Театр Роберта Стуруа - страница 6
Приведенная картина откликов позволяет утверждать, что спектакли Роберта Стуруа, привезенные в 1976 г. в Москву, действительно имели настоящий успех. Но для нас важно то, что были отмечены многие существенные особенности созданного режиссером и его актерами художественного мира; прежде всего – красота и гармония строения спектаклей, неординарный уровень актерского мастерства. И – ориентация на традиционное искусство Грузии, от которой режиссер, кстати, не откажется и в дальнейшем, какой бы литературный материал ни брал, что не позволяет называть его «западником», как нередко делают, имея в виду прежде всего значительное количество постановок Стуруа, осуществленных по пьесам Шекспира.

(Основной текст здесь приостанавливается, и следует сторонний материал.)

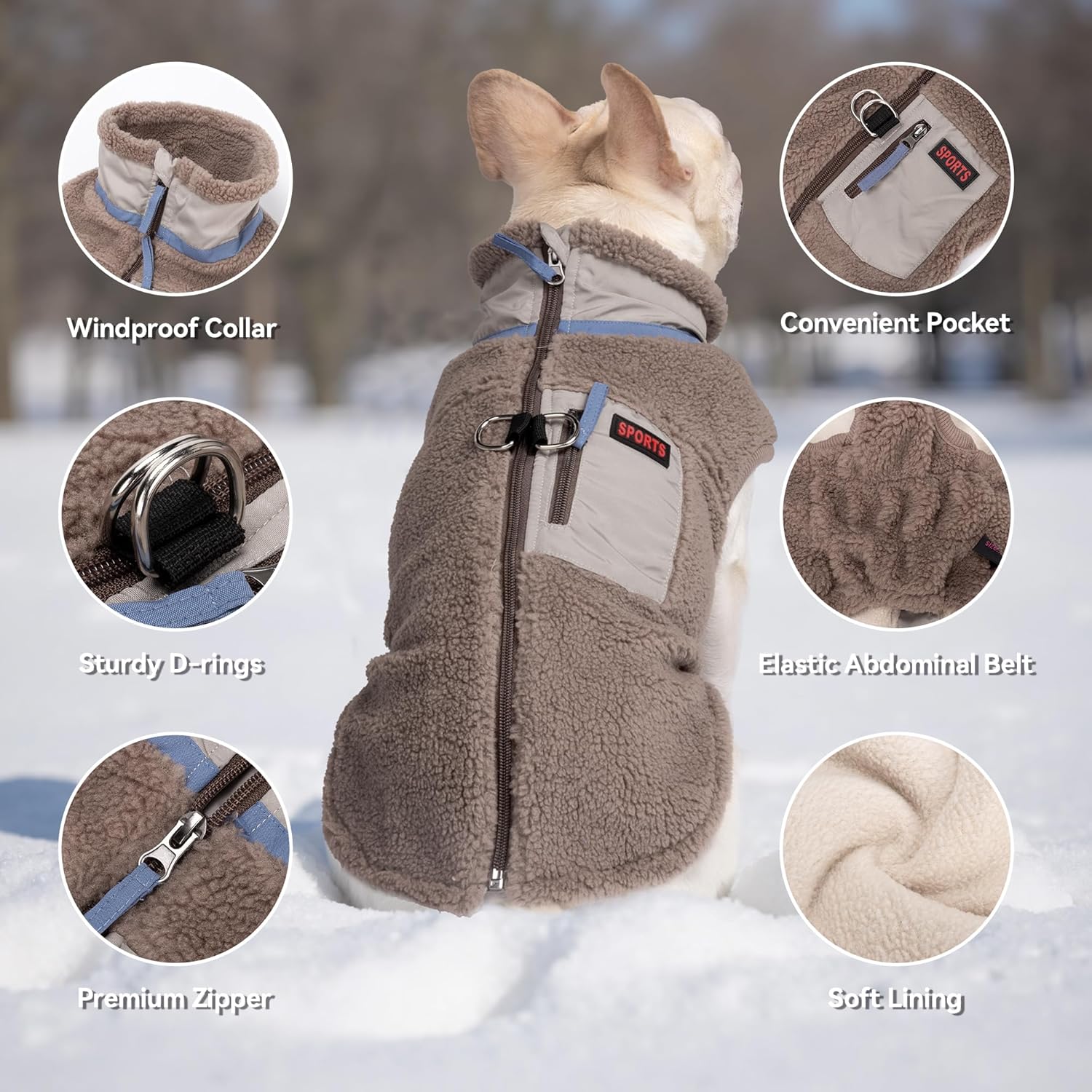 FEimaX Топло кучешко палто, ветроустойчиво, зимно поларено яке за кучета, зимен жилет с D-образни пръстени, дрехи за кучета, яке за малки и средни кучета
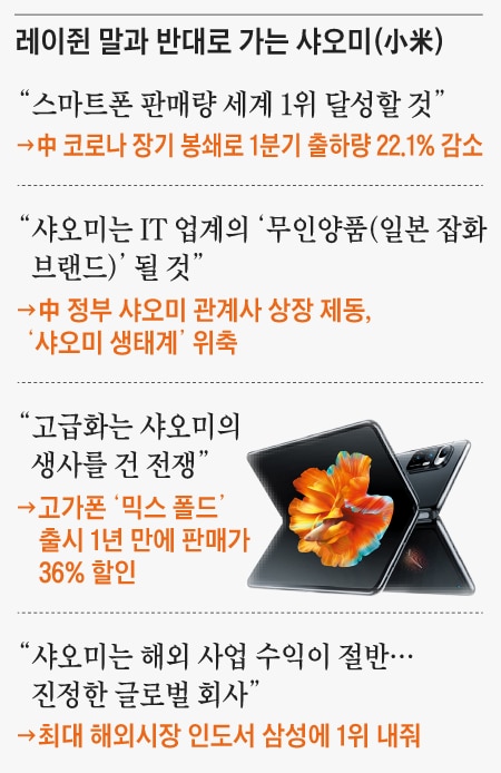 샤오미가 꿈꿔왔던 고급화 전략, 이른바 ‘중국판 애플’이 되겠단 목표도 실현이 쉽지 않은 상황이다. ‘80% 사용자의 80% 수요 충족’으로 대표됐던 가성비 전략을 뒤엎는 것이 자국에서조차 호응을 얻지 못하고 있는 것이다. 가격 50만원 이상의 중국 고급폰 시장에서 샤오미의 점유율은 5%로, 애플(60%)은 물론 중국 제조사인 화웨이(11%)·비보(9%)·오포(7%)보다 낮다. 샤오미가 지난해 내놓은 첫 폴더블폰 ‘미 믹스폴드’ 역시 판매 부진이 이어지면서 최근 공식 판매가를 1만999위안(약 207만원)에서 6999위안으로 대폭 낮췄다.

Общим для многих высказываний оказалось и впечатление близости сценического мира Стуруа к эпическому театру Брехта. И, судя по всему, очевидность этого для критиков была такова, что нередко они не считали необходимым как-то обосновать свою позицию. А если аргументы все-таки приводились, они, как мы показали, по крайней мере вызывают вопросы.
Как бы то ни было, но с того времени закрепилось стойкое представление о Стуруа как «брехтианце», которое актуально до сегодняшнего дня, хотя состоятельных аргументов, подтверждающих эту точку зрения, так и не появилось. Между тем нет единой точки зрения, с какого момента начинается так называемый брехтовский период творчества Стуруа. Многие числят его со спектакля «Кваркваре». Но есть и такие, кто обнаруживает «брехтовское» в творчестве режиссера еще раньше. Так, по мнению В. Комиссаржевского, «„великий немец“ появился уже в „Мачехе Саманишвили“»[33], спектакле, поставленном Стуруа совместно с Темуром Чхеидзе по повести классика грузинской литературы Давида Клдиашвили (1969), где сюжет из XIX в. разыгрывался участниками сочиненной театром сцены, идущей в наши дни в историческом музее, то есть его экскурсантами. Отношение этих актеров, современников зрителей, к персонажам как людям, носителям иного мышления и принадлежащим к иной эпохе, критик назвал брехтовским, опустив пояснения. Однако остраннения существуют разные и применяются не только в театре Брехта, хотя именно с ним до сих пор чаще всего связывают названный прием многие представители нашего и не только нашего театроведческого и, в частности, театрально-критического цеха. Здесь достаточно вспомнить о В. Э. Мейерхольде, который разработал различные формы остраннения образа в искусстве актера, что было, по словам исследователя его творчества, Н. В. Песочинского, «значительной реформой, совершенной им в сценической практике и теории», причем брехтовское остраннение и аналогичный прием мейерхольдовского театра приводили к разным художественным результатам как включенные в разные художественные системы. «Теория эпического театра Брехта далека от мейерхольдовского искусства гротеска»[34]. Иными словами: отметить остраннение в игре актера, не уточнив, каково оно, – недостаточно для того, чтобы определить его как брехтовское.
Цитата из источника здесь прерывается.